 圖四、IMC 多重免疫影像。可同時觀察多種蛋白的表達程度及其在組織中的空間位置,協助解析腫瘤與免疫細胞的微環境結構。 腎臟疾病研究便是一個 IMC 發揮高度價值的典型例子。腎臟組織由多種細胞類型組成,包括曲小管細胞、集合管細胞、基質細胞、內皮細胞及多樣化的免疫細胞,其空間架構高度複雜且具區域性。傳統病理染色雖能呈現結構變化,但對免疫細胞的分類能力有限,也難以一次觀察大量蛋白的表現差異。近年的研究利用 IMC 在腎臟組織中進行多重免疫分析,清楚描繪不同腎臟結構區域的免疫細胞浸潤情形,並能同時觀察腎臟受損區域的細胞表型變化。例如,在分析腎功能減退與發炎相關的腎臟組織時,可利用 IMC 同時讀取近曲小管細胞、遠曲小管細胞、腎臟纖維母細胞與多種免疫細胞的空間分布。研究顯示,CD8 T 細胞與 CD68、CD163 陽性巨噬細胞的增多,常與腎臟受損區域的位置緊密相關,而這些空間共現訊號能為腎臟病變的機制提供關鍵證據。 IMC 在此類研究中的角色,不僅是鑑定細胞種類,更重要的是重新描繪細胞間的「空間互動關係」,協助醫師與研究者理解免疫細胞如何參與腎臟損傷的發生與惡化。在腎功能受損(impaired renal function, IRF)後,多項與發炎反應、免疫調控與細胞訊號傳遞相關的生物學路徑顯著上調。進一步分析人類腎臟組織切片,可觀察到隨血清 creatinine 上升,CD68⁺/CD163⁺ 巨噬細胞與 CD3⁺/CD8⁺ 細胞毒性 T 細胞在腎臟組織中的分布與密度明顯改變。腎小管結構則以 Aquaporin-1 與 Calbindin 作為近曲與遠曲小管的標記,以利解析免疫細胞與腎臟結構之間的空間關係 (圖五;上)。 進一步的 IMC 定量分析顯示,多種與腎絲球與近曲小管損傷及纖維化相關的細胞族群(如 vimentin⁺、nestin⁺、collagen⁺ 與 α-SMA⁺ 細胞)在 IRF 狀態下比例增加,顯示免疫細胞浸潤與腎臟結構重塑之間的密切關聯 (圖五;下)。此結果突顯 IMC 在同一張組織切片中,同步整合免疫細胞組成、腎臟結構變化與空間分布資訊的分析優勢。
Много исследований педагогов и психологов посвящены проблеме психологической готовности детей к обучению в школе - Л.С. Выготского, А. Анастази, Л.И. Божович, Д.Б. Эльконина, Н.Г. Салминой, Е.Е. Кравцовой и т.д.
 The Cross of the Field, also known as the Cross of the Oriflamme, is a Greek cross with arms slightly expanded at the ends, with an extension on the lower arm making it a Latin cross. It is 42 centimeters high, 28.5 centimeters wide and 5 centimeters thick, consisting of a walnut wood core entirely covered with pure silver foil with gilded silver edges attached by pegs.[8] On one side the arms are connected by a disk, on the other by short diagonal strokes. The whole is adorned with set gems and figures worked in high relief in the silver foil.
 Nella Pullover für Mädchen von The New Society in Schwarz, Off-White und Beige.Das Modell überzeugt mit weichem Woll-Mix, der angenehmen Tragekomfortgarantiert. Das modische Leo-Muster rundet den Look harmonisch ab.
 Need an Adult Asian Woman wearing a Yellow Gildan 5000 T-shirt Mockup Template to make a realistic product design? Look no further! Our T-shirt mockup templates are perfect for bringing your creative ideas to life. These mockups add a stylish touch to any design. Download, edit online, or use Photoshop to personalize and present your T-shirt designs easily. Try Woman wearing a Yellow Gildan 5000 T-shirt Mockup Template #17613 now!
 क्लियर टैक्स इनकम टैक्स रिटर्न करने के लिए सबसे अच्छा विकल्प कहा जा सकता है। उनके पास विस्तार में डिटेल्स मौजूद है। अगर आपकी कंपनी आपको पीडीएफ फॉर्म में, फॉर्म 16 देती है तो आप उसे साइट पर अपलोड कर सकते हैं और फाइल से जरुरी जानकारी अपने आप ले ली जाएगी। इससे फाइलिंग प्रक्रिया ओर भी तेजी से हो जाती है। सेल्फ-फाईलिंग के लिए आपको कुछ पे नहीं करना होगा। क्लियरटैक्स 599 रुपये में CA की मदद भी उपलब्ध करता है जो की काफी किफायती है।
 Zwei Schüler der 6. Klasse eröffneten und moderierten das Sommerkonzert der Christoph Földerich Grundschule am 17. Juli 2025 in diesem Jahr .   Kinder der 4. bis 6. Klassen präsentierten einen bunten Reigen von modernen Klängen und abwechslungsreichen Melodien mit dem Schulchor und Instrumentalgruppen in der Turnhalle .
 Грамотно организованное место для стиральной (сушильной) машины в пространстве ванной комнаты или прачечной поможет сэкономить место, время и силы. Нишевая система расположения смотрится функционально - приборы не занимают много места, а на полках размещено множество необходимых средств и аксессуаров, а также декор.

==

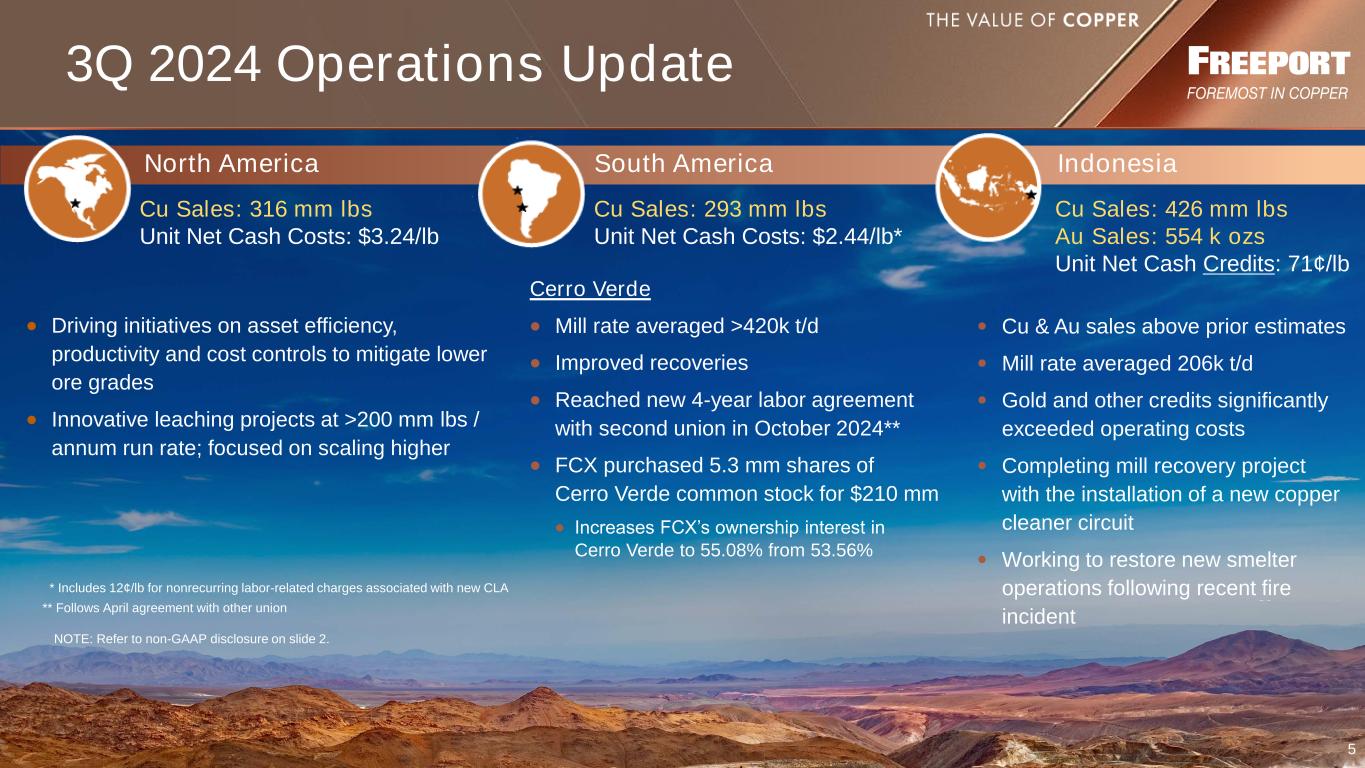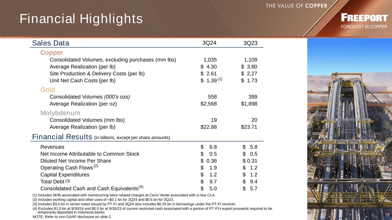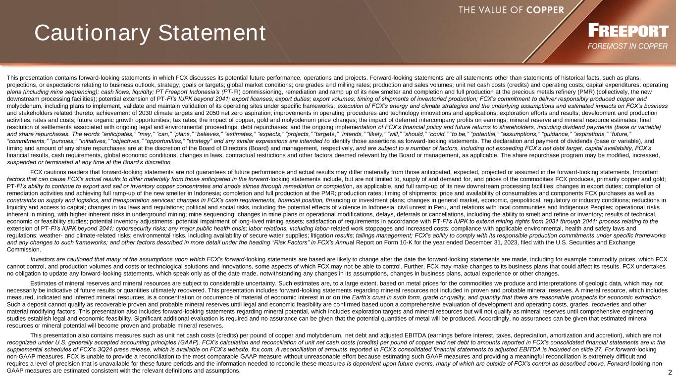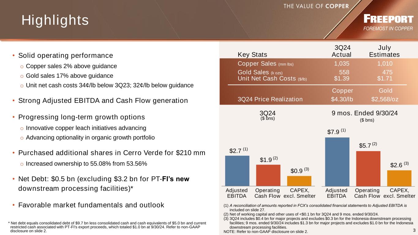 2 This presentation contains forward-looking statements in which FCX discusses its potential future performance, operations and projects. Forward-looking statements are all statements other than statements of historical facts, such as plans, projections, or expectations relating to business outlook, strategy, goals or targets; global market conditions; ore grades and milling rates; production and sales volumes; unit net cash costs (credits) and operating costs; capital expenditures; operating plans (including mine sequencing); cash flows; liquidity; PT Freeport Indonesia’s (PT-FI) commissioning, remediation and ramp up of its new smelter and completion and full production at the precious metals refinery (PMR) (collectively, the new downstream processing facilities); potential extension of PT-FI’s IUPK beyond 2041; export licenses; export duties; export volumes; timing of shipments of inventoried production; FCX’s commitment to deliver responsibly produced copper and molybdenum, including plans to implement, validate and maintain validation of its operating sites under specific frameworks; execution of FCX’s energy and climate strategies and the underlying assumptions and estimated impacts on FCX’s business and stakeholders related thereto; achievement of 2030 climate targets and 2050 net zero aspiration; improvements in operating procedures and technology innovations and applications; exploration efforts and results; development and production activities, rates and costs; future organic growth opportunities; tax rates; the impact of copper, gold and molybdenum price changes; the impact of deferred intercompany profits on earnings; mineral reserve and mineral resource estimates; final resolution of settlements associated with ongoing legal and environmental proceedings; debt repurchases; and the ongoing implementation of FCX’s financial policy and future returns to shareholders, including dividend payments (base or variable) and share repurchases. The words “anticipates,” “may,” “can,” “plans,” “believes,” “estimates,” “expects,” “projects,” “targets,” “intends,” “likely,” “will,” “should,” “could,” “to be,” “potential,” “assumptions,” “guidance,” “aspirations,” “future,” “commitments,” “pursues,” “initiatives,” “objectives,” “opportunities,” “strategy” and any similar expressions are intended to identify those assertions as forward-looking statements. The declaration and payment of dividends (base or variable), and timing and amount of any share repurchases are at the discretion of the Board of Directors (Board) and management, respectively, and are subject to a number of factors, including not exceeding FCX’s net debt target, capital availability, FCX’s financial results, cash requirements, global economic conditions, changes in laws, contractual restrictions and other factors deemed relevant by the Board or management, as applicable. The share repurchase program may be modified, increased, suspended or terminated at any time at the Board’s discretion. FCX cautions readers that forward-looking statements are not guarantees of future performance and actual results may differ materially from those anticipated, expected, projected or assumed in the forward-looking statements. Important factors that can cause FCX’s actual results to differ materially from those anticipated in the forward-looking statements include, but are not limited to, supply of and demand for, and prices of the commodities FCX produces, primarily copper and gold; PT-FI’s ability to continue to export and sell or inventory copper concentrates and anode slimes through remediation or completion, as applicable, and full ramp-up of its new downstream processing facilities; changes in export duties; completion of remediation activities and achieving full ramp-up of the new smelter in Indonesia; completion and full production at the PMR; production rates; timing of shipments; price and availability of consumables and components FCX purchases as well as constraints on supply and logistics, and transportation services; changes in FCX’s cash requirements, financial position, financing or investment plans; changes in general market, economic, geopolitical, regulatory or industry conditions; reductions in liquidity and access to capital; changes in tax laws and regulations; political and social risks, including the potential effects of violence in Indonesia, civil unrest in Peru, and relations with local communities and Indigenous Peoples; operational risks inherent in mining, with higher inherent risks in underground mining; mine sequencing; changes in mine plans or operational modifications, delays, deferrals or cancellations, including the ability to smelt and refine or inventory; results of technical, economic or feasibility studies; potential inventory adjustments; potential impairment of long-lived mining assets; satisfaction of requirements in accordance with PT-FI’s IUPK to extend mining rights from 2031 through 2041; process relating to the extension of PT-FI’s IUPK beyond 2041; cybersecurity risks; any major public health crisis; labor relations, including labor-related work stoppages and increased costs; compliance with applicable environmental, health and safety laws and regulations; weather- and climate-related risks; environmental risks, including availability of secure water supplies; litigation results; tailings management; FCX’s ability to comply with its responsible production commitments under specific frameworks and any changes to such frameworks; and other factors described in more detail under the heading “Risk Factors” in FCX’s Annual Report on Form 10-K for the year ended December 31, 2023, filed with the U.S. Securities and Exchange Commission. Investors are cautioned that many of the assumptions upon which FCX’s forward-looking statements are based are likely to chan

Exercise directions => In the data above, start at the line that has "(圖五;下)。此結果突顯 IMC 在同一張組織切片中,同步整合免疫細胞組成、腎臟結構變化與空間分布資訊的分析優勢。", stop after the line that has "Много исследований педагогов", and print every line in between exactly as it stands.

Expected output =>
 圖四、IMC 多重免疫影像。可同時觀察多種蛋白的表達程度及其在組織中的空間位置,協助解析腫瘤與免疫細胞的微環境結構。 腎臟疾病研究便是一個 IMC 發揮高度價值的典型例子。腎臟組織由多種細胞類型組成,包括曲小管細胞、集合管細胞、基質細胞、內皮細胞及多樣化的免疫細胞,其空間架構高度複雜且具區域性。傳統病理染色雖能呈現結構變化,但對免疫細胞的分類能力有限,也難以一次觀察大量蛋白的表現差異。近年的研究利用 IMC 在腎臟組織中進行多重免疫分析,清楚描繪不同腎臟結構區域的免疫細胞浸潤情形,並能同時觀察腎臟受損區域的細胞表型變化。例如,在分析腎功能減退與發炎相關的腎臟組織時,可利用 IMC 同時讀取近曲小管細胞、遠曲小管細胞、腎臟纖維母細胞與多種免疫細胞的空間分布。研究顯示,CD8 T 細胞與 CD68、CD163 陽性巨噬細胞的增多,常與腎臟受損區域的位置緊密相關,而這些空間共現訊號能為腎臟病變的機制提供關鍵證據。 IMC 在此類研究中的角色,不僅是鑑定細胞種類,更重要的是重新描繪細胞間的「空間互動關係」,協助醫師與研究者理解免疫細胞如何參與腎臟損傷的發生與惡化。在腎功能受損(impaired renal function, IRF)後,多項與發炎反應、免疫調控與細胞訊號傳遞相關的生物學路徑顯著上調。進一步分析人類腎臟組織切片,可觀察到隨血清 creatinine 上升,CD68⁺/CD163⁺ 巨噬細胞與 CD3⁺/CD8⁺ 細胞毒性 T 細胞在腎臟組織中的分布與密度明顯改變。腎小管結構則以 Aquaporin-1 與 Calbindin 作為近曲與遠曲小管的標記,以利解析免疫細胞與腎臟結構之間的空間關係 (圖五;上)。 進一步的 IMC 定量分析顯示,多種與腎絲球與近曲小管損傷及纖維化相關的細胞族群(如 vimentin⁺、nestin⁺、collagen⁺ 與 α-SMA⁺ 細胞)在 IRF 狀態下比例增加,顯示免疫細胞浸潤與腎臟結構重塑之間的密切關聯 (圖五;下)。此結果突顯 IMC 在同一張組織切片中,同步整合免疫細胞組成、腎臟結構變化與空間分布資訊的分析優勢。
Много исследований педагогов и психологов посвящены проблеме психологической готовности детей к обучению в школе - Л.С. Выготского, А. Анастази, Л.И. Божович, Д.Б. Эльконина, Н.Г. Салминой, Е.Е. Кравцовой и т.д.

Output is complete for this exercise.